Information:
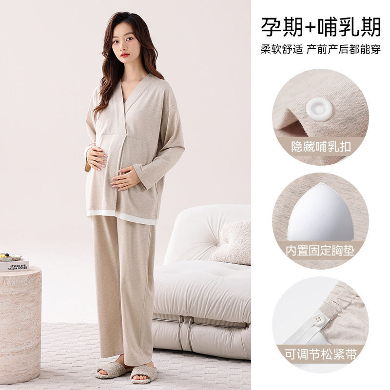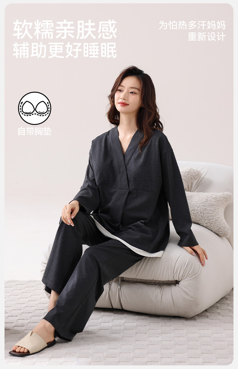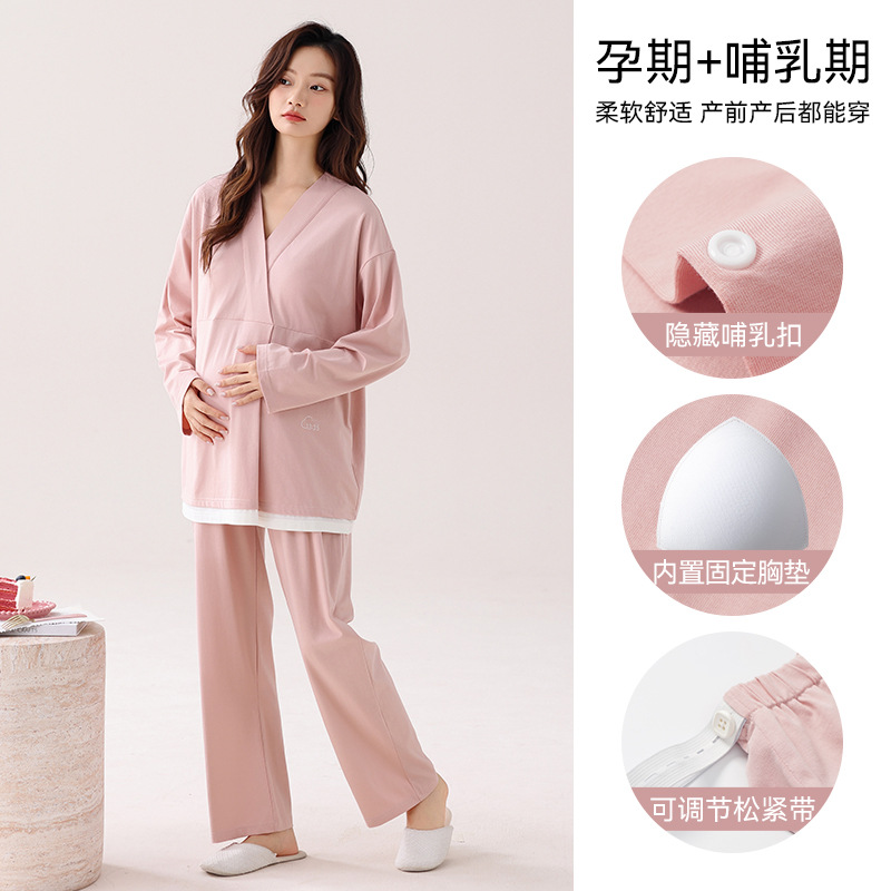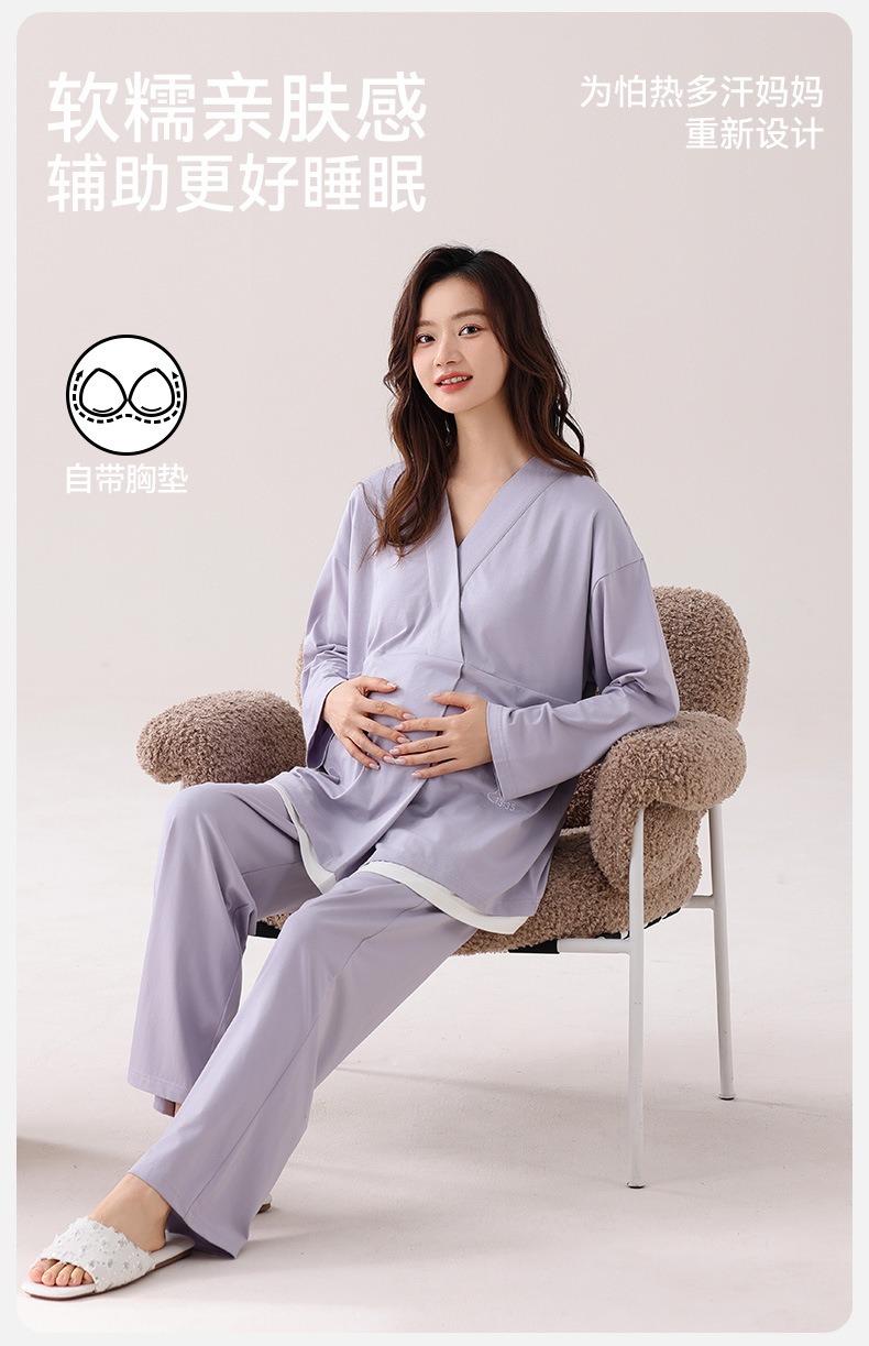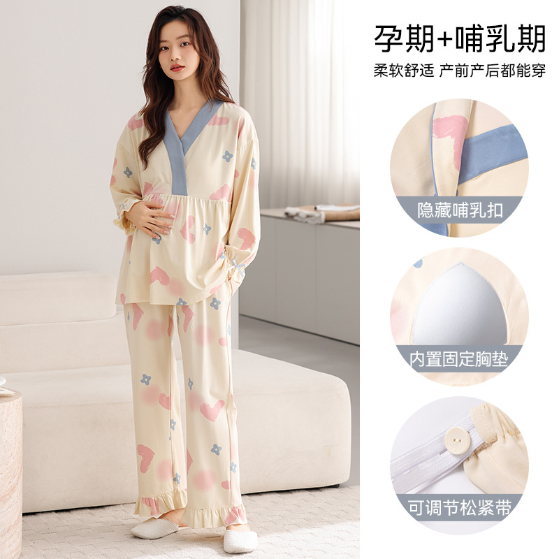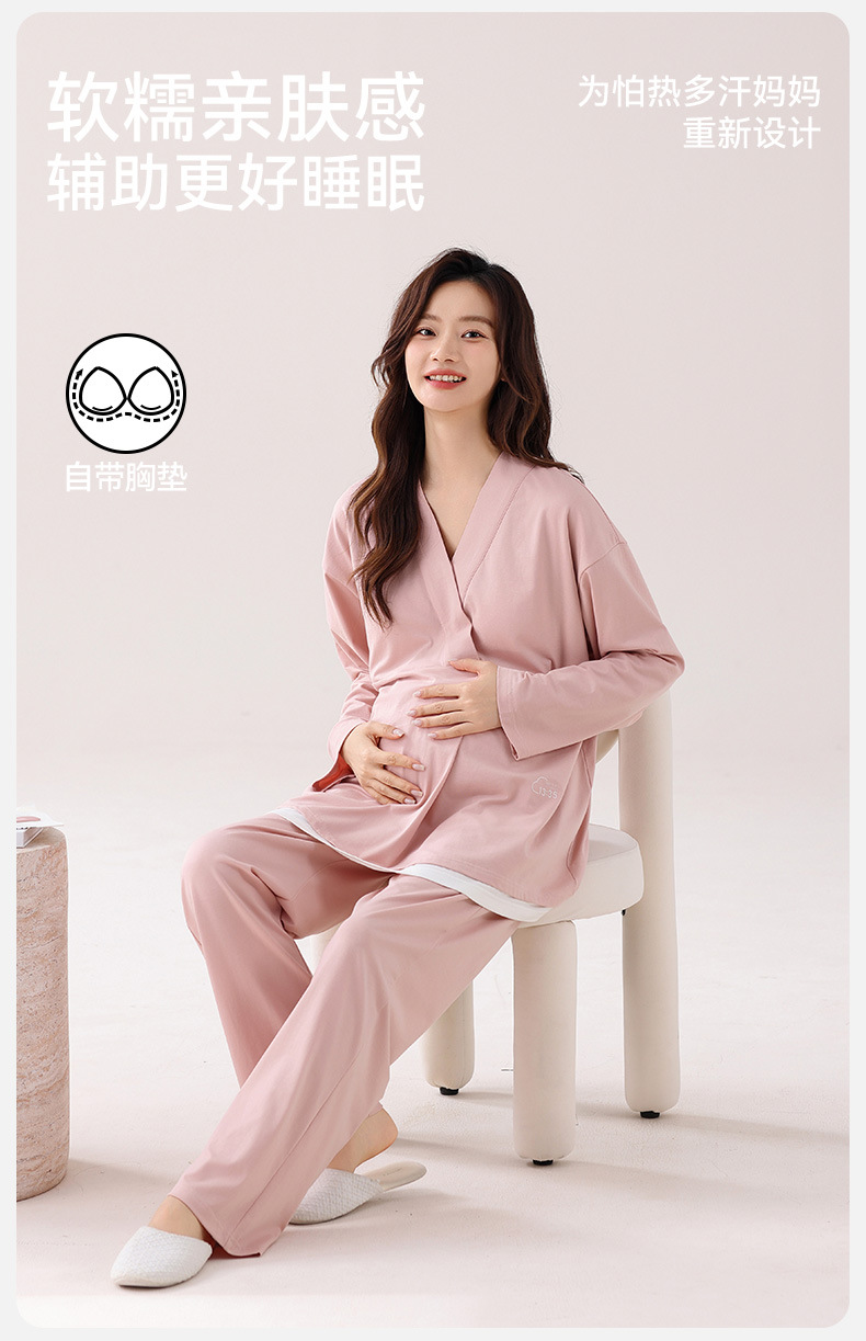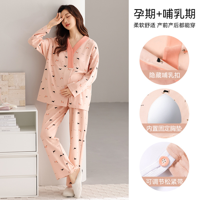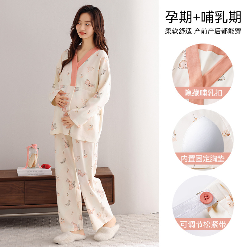 孕妇睡衣女春秋款纯棉长袖怀孕期2025新款月子服产后带胸垫家居服
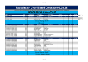 You are here: Home1 / 2 / Reaseheath Equestrian Centre3 / Unaffiliated Dressage4 / UD Times 3rd August 2025
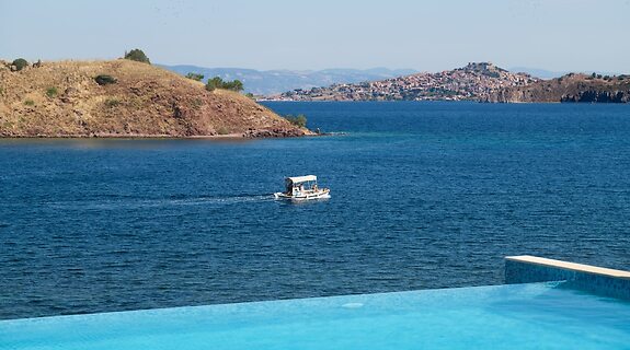 LageMehrLittle Bird in Lesbos liegt am Meer, eine 3-minütige Fahrt von Strand von Anaxos und eine 8-minütige Fahrt von Strand von Petra entfernt. Diese Pension in Strandnähe ist 9 km von Hafen von Molyvos und 9,6 km von Schloss Molyvos entfernt.
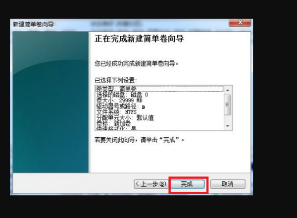 10、最后点击“完成”即可。完成以上设置后,即可把D盘分盘。
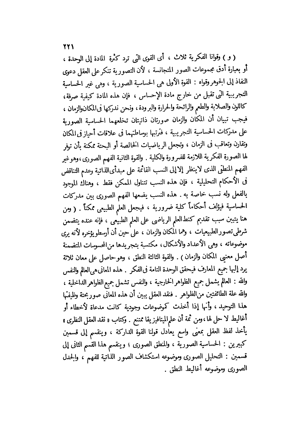 ووقوانا الفكرية ثلاث، أي: القوى التي ترد كثرة المادة إلى الوحدة، أو بعبارة أدق: مجموعات الصور المتجانسة؛ لأن التصورية تنكر على العقل دعوى النفاذ إلى الجوهر وقواه. القوة الأولى هي الحساسية الصورية، وهي غير الحساسية التجريبية التي تقبل من خارج مادة الإحساس، فإن هذه المادة كيفية صرفة، كاللون والصلابة والطعم والرائحة والحرارة والبرودة، ونحن ندركها في المكان والزمان، فيجب تبيان أن المكان والزمان صورتان ذاتيتان تخلعهما الحساسية الصورية على مدركات الحساسية التجريبية، فترتبها بوساطتهما في علاقات أحياز في المكان وتقارن وتعاقب في الزمان، وتجعل الرياضيات الخالصة أو البحتة ممكنة بأن توفر لها الصورة الفكرية اللازمة للضرورة والكلية. والقوة الثانية الفهم الصوري، وهو غير الفهم المنطقي الذي لا ينظر إلا إلى النسب القائمة على مبدأي الذاتية وعدم التناقض في الأحكام التحليلية، فإن هذه النسب تتناول الممكن فقط، وهناك الموجود بالفعل وله نسب خاصة به. هذه النسب يضعها الفهم الصوري بين مدركات الحساسية فيؤلف أحكامًا كلية ضرورية, فيجعل العلم الطبيعي ممكنًا. "ومن هنا يتبين سبب تقديم كنط العلم الرياضي على العلم الطبيعي، فإنه عنده يتضمن شرطي تصور الطبيعيات، وهما المكان والزمان، على حين أن أرسطو يؤخره لأنه يرى موضوعاته، وهي الأعداد والأشكال، مكتسبة بتجريدها من المحسوسات المتضمنة أصل معنيي المكان والزمان". والقوة الثالثة النطق، وهو حاصل على معانٍ ثلاثة يرد إليها جميع المعارف فيحقق الوحدة التامة في الفكر. هذه المعاني هي العالم ولنفس والله. العالم يشمل جميع الظواهر الخارجية، والنفس تشمل جميع الظواهر الداخلية، والله علة الطائفتين من الظواهر. فنقد العقل يبين أن هذه المعاني صور بحتة وظيفتها هذا التوحيد، وأنها إذا أخذت كموضوعات وجودية كانت مدعاة لأخطاء أو أغاليط لا حل لها، ومن ثمة فإن علم الميتافيزيقا ممتنع. وكتاب "نقد العقل النظري" يأخذ لفظ العقل بمعنى واسع يعادل قولنا: القوة الداركة. وينقسم إلى قسمين كبيرين: الحساسية الصورية، والمنطق الصوري، وينقسم هذا القسم الثاني إلى قسمين: التحليل الصوري وموضوعه استكشاف الصور الذاتية للفهم، والجدل الصوري وموضوعه أغاليط النطق.
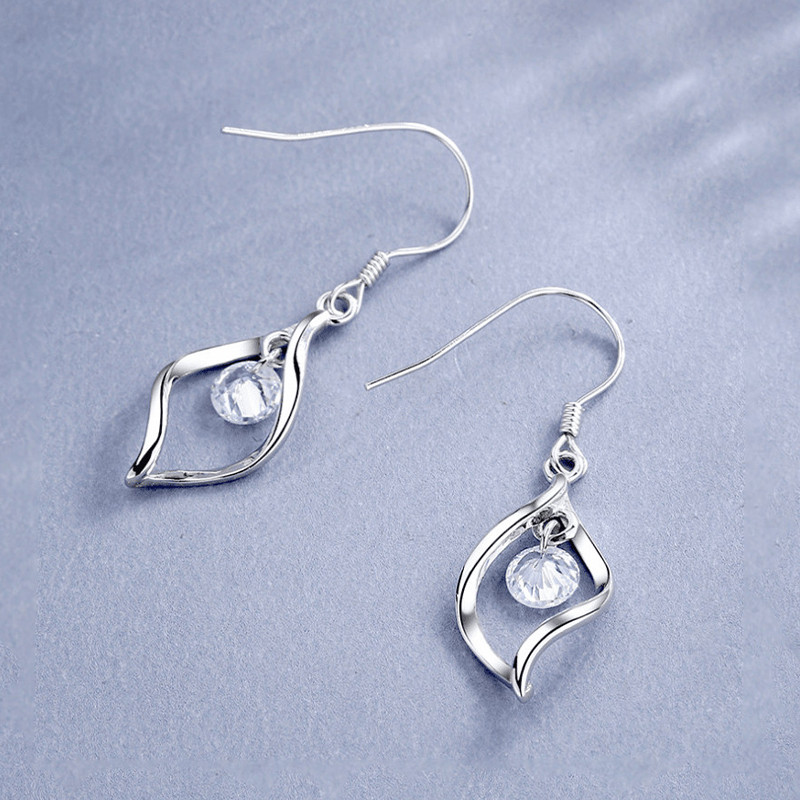 Висящите сребърни обеци се захващат към ухото чрез един от най-удобните варианти – кукичка. От нея се спуска сребърна спирала, която се връща в изходно положение. По средата е позициониран и голям кръгъл цирконий. Комбинацията от всички тези елементи дава усещане за хипнотизация от сребърна красота, която може да бъде комбинирана с други по вид бижута или носени самостоятелно. Изящните обеци могат да бъдат и подарени на всяка жена, омайваща с чар.

Task objective:
Repeat the records above exactly, omitting every picture.

Solution to this exercise:
 孕妇睡衣女春秋款纯棉长袖怀孕期2025新款月子服产后带胸垫家居服
 You are here: Home1 / 2 / Reaseheath Equestrian Centre3 / Unaffiliated Dressage4 / UD Times 3rd August 2025
 LageMehrLittle Bird in Lesbos liegt am Meer, eine 3-minütige Fahrt von Strand von Anaxos und eine 8-minütige Fahrt von Strand von Petra entfernt. Diese Pension in Strandnähe ist 9 km von Hafen von Molyvos und 9,6 km von Schloss Molyvos entfernt.
 10、最后点击“完成”即可。完成以上设置后,即可把D盘分盘。
 ووقوانا الفكرية ثلاث، أي: القوى التي ترد كثرة المادة إلى الوحدة، أو بعبارة أدق: مجموعات الصور المتجانسة؛ لأن التصورية تنكر على العقل دعوى النفاذ إلى الجوهر وقواه. القوة الأولى هي الحساسية الصورية، وهي غير الحساسية التجريبية التي تقبل من خارج مادة الإحساس، فإن هذه المادة كيفية صرفة، كاللون والصلابة والطعم والرائحة والحرارة والبرودة، ونحن ندركها في المكان والزمان، فيجب تبيان أن المكان والزمان صورتان ذاتيتان تخلعهما الحساسية الصورية على مدركات الحساسية التجريبية، فترتبها بوساطتهما في علاقات أحياز في المكان وتقارن وتعاقب في الزمان، وتجعل الرياضيات الخالصة أو البحتة ممكنة بأن توفر لها الصورة الفكرية اللازمة للضرورة والكلية. والقوة الثانية الفهم الصوري، وهو غير الفهم المنطقي الذي لا ينظر إلا إلى النسب القائمة على مبدأي الذاتية وعدم التناقض في الأحكام التحليلية، فإن هذه النسب تتناول الممكن فقط، وهناك الموجود بالفعل وله نسب خاصة به. هذه النسب يضعها الفهم الصوري بين مدركات الحساسية فيؤلف أحكامًا كلية ضرورية, فيجعل العلم الطبيعي ممكنًا. "ومن هنا يتبين سبب تقديم كنط العلم الرياضي على العلم الطبيعي، فإنه عنده يتضمن شرطي تصور الطبيعيات، وهما المكان والزمان، على حين أن أرسطو يؤخره لأنه يرى موضوعاته، وهي الأعداد والأشكال، مكتسبة بتجريدها من المحسوسات المتضمنة أصل معنيي المكان والزمان". والقوة الثالثة النطق، وهو حاصل على معانٍ ثلاثة يرد إليها جميع المعارف فيحقق الوحدة التامة في الفكر. هذه المعاني هي العالم ولنفس والله. العالم يشمل جميع الظواهر الخارجية، والنفس تشمل جميع الظواهر الداخلية، والله علة الطائفتين من الظواهر. فنقد العقل يبين أن هذه المعاني صور بحتة وظيفتها هذا التوحيد، وأنها إذا أخذت كموضوعات وجودية كانت مدعاة لأخطاء أو أغاليط لا حل لها، ومن ثمة فإن علم الميتافيزيقا ممتنع. وكتاب "نقد العقل النظري" يأخذ لفظ العقل بمعنى واسع يعادل قولنا: القوة الداركة. وينقسم إلى قسمين كبيرين: الحساسية الصورية، والمنطق الصوري، وينقسم هذا القسم الثاني إلى قسمين: التحليل الصوري وموضوعه استكشاف الصور الذاتية للفهم، والجدل الصوري وموضوعه أغاليط النطق.
 Висящите сребърни обеци се захващат към ухото чрез един от най-удобните варианти – кукичка. От нея се спуска сребърна спирала, която се връща в изходно положение. По средата е позициониран и голям кръгъл цирконий. Комбинацията от всички тези елементи дава усещане за хипнотизация от сребърна красота, която може да бъде комбинирана с други по вид бижута или носени самостоятелно. Изящните обеци могат да бъдат и подарени на всяка жена, омайваща с чар.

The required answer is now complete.